Could we please have documented somewhere a reference implementation in Python for the glob part that complies with the mandatory requirements of the PEP? (maybe an attachment? Or something in the PyPA docs?)
I feel that we departed from the original intention of “let’s document whatever stdlib’s glob
do, so that we can implement it in other languages” to something that require a lot more validations which are not implemented by the stdlib itself.

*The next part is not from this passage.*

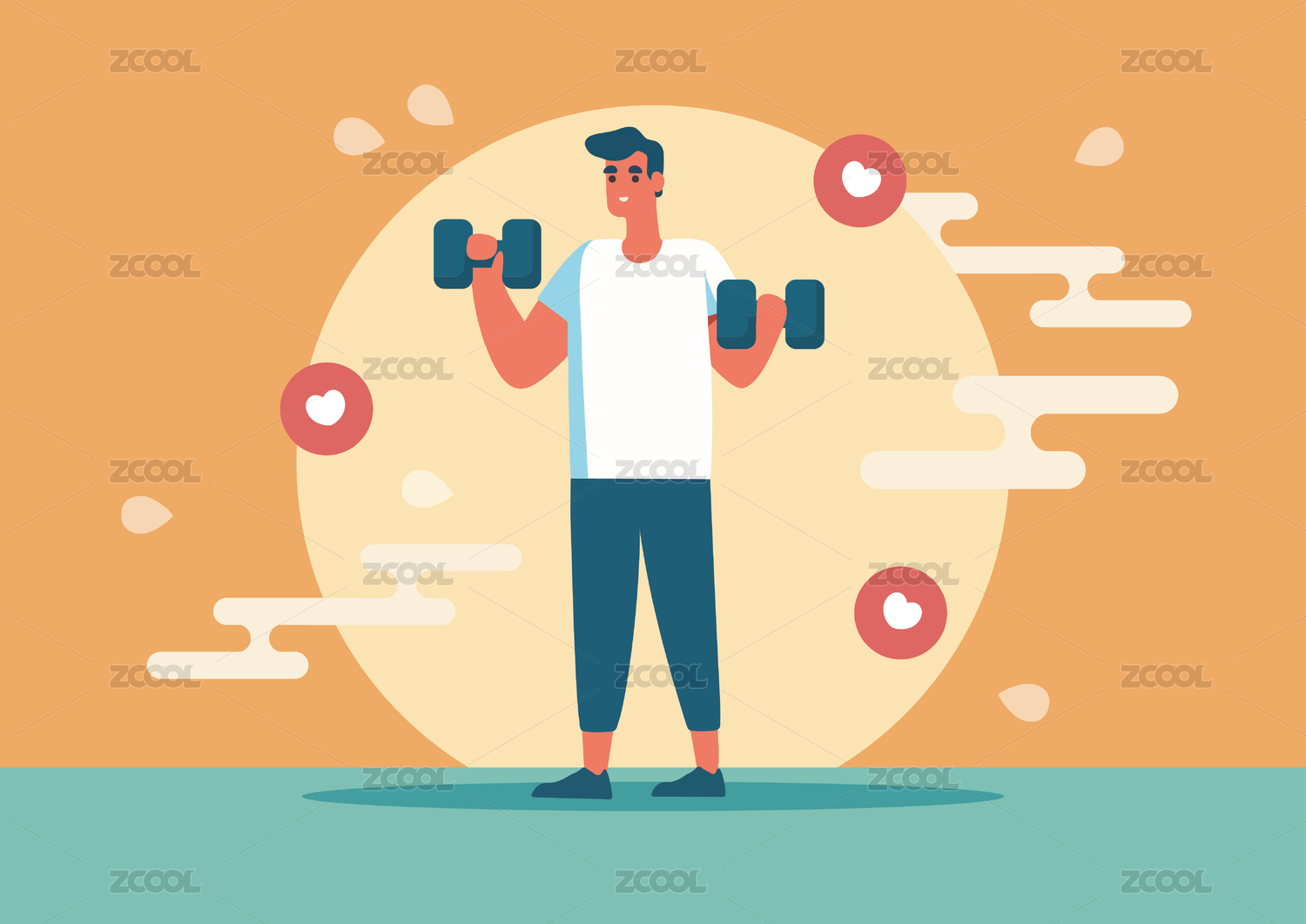 AIGC202401,体育运动,运动,锻炼,人,插画,健身,卡通

We received something similar to the following in a contribution to setuptools: Validate license-files glob patterns by cdce8p · Pull Request #4841 · pypa/setuptools · GitHub (thanks @cdce8p)[1]
import os
import re
from glob import glob
def find_pattern(pattern: str) -> list[str]:
"""
>>> find_pattern("/LICENSE.MIT")
Traceback (most recent call last):
...
ValueError: Pattern '/LICENSE.MIT' should be relative...

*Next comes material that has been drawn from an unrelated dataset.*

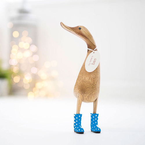 This gorgeous wooden duckling by DCUK has a blue and white spotty hat and welly boots.  If you would like your duck to have a name tag, there is a choice of a randomly selected girl's or boy's name or a personalised printed name. The tag is tied with ribbon around the duck's neck.   Each duck is hand carved and hand painted.

>>> find_pattern("../LICENSE.MIT")
Traceback (most recent call last):
...
ValueError: Pattern '../LICENSE.MIT' cannot contain '..'...

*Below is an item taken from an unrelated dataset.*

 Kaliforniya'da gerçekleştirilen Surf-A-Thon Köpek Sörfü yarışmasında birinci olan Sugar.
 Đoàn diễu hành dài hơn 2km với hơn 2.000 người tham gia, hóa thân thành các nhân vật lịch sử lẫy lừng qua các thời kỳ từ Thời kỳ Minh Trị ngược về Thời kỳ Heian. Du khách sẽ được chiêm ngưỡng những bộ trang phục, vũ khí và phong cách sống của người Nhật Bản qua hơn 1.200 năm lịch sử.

>>> find_pattern("LICEN{CSE*")
Traceback (most recent call last):
...
ValueError: Pattern 'LICEN{CSE*' contains invalid characters...
"""
if ".." in pattern:
raise ValueError(f"Pattern {pattern!r} cannot contain '..'")
if pattern.startswith((os.sep, "/")) or ":\\" in pattern:
raise ValueError(
f"Pattern {pattern!r} should be relative and must not start with '/'"
)
if re.match(r'^[\w\-\.\/\*\?\[\]]+$', pattern) is None:
raise ValueError(
f"Pattern '{pattern}' contains invalid characters. "
"https://packaging.python.org/en/latest/specifications/pyproject-toml/#license-files"
)
found = glob(pattern, recursive=True)
if not found:
raise ValueError(f"Pattern '{pattern}' did not match any files.")
return found
Is it enough/complete/correct? (at first glance I would say yes by looking at the text of the PEP, but I would like a second opinion)
the example code is a modification of the original contribution ↩︎